St. Louis police gather at the scene of a fatal officer-involved shooting at Walton Avenue and Page Boulevard in St. Louis. An armed man fleeing from officers serving a search warrant at a home in a crime-troubled section of north St. Louis was shot and killed Wednesday by police after he pointed a gun at them, the police chief said. (David Carson/St. Louis Post-Dispatch via AP)
At least nine people were arrested Wednesday and St. Louis police used tear gas to clear a street of protesters after an armed man fleeing from officers was shot and killed when he pointed a gun at them.
St. Louis Police Chief Sam Dotson said at a press conference late Wednesday night that a group of protesters who had blocked an intersection threw glass bottles and bricks at officers and refused orders to clear the roadway. Inert gas was used and when that didn’t have any effect on the crowd, police turned to tear gas to clear the intersection, Dotson said. Those arrested face charges of impeding the flow of traffic and resisting arrest, he said.
In addition to the arrests, officers responded to reports of burglaries in the area and the fire department was called after a car was set ablaze, according to Dotson.
The chief blamed the crimes on people seeking “notoriety” in a neighborhood “plagued by violence.” Dotson added that police would release video showing that officers gave multiple orders to clear the street and repeatedly warned that the tear gas would be used.
The latest shooting came with tensions already high in the area after violence erupted during several events earlier this month marking the anniversary of the death of Michael Brown, the 18-year-old fatally shot last year by a police officer in nearby Ferguson.
Dotson said two police officers serving a search warrant Wednesday afternoon at a home in a crime-troubled section of the city’s north side encountered two suspects, one of which was 18-year-old Mansur Ball-Bey. The suspects were fleeing the home as Ball-Bey, who was black, turned and pointed a handgun at the officers, who shot him, the chief said. Ball-Bey died at the scene.
Both officers, who are white, were unharmed, according to a police report.
Dotson said four guns, including the handgun wielded by Ball-Bey, and crack cocaine were recovered at or near the home, which last year yielded illegal guns during a police search. Police are searching for the second suspect, who they said is believed to be in his mid-to-late teens.
A man and woman who were also inside the home were arrested, Dotson said.
Police obtained the search warrant because they believed the home harbored suspects in other crimes, Dotson said. He didn’t specify which crimes, but noted that a killing happened on the same street Monday and a nearby market just was riddled by bullets.
That area also is near where a 93-year-old veteran who was part of the Tuskegee Airmen — black World War II pilots — was the victim of crimes twice within a few minutes Sunday, being robbed and then having his car stolen. The veteran was unhurt, and his car was found Tuesday blocks from where it was taken.
Roughly 150 people gathered Wednesday afternoon near the scene of the shooting, questioning the use of deadly force. Some chanted “Black Lives Matter,” a mantra used after Brown’s death. As police removed their yellow tape that cordoned off the scene, dozens of people converged on the home’s front yard, many chanting insults and gesturing obscenely at officers. Several onlookers surrounded individual officers, yelling at them.

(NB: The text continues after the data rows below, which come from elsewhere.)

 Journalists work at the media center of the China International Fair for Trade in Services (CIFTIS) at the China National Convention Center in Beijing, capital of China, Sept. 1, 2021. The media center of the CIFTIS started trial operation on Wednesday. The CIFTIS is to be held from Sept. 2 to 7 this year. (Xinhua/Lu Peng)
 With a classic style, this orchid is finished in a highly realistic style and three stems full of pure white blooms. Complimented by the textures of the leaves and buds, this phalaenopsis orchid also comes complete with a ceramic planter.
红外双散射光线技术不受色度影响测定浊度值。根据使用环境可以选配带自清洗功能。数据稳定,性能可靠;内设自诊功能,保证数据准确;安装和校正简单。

“Another youth down by the hands of police,” Dex Dockett, 42, who lives nearby, told a reporter. “What could have been done different to de-escalate rather than escalate? They (police) come in with an us-against-them mentality. You’ve got to have the right kind of cops to engage in these types of neighborhoods.”

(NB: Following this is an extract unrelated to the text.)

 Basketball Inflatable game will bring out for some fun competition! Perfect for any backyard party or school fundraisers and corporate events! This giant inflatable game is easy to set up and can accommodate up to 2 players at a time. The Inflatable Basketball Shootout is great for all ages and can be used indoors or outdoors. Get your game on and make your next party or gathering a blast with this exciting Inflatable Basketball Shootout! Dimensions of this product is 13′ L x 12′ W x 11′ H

Another neighborhood resident, Fred Price, said he was skeptical about Dotson’s account that the suspect pointed a gun at officers before being mortally wounded.
“They provoked the situation,” Price, 33, said. “Situations like this make us want to keep the police out of the neighborhood. They’re shooting first, then asking questions.”
Some of those who protested Ball-Bey’s death had already spent the morning in downtown St. Louis, marching to mark the anniversary of the fatal police shooting of Kajieme Powell. He was fatally shot by two St. Louis officers after police said he approached them with a knife. Circuit Attorney Jennifer Joyce is still reviewing the case to determine whether lethal force was justified.
Protests have become a familiar scene across the St. Louis region since Brown, who was black and unarmed, was fatally shot by Ferguson officer Darren Wilson on Aug. 9, 2014. A St. Louis County grand jury and the U.S. Justice Department declined to charge Wilson, who resigned in November.
The Associated Press contributed to this report.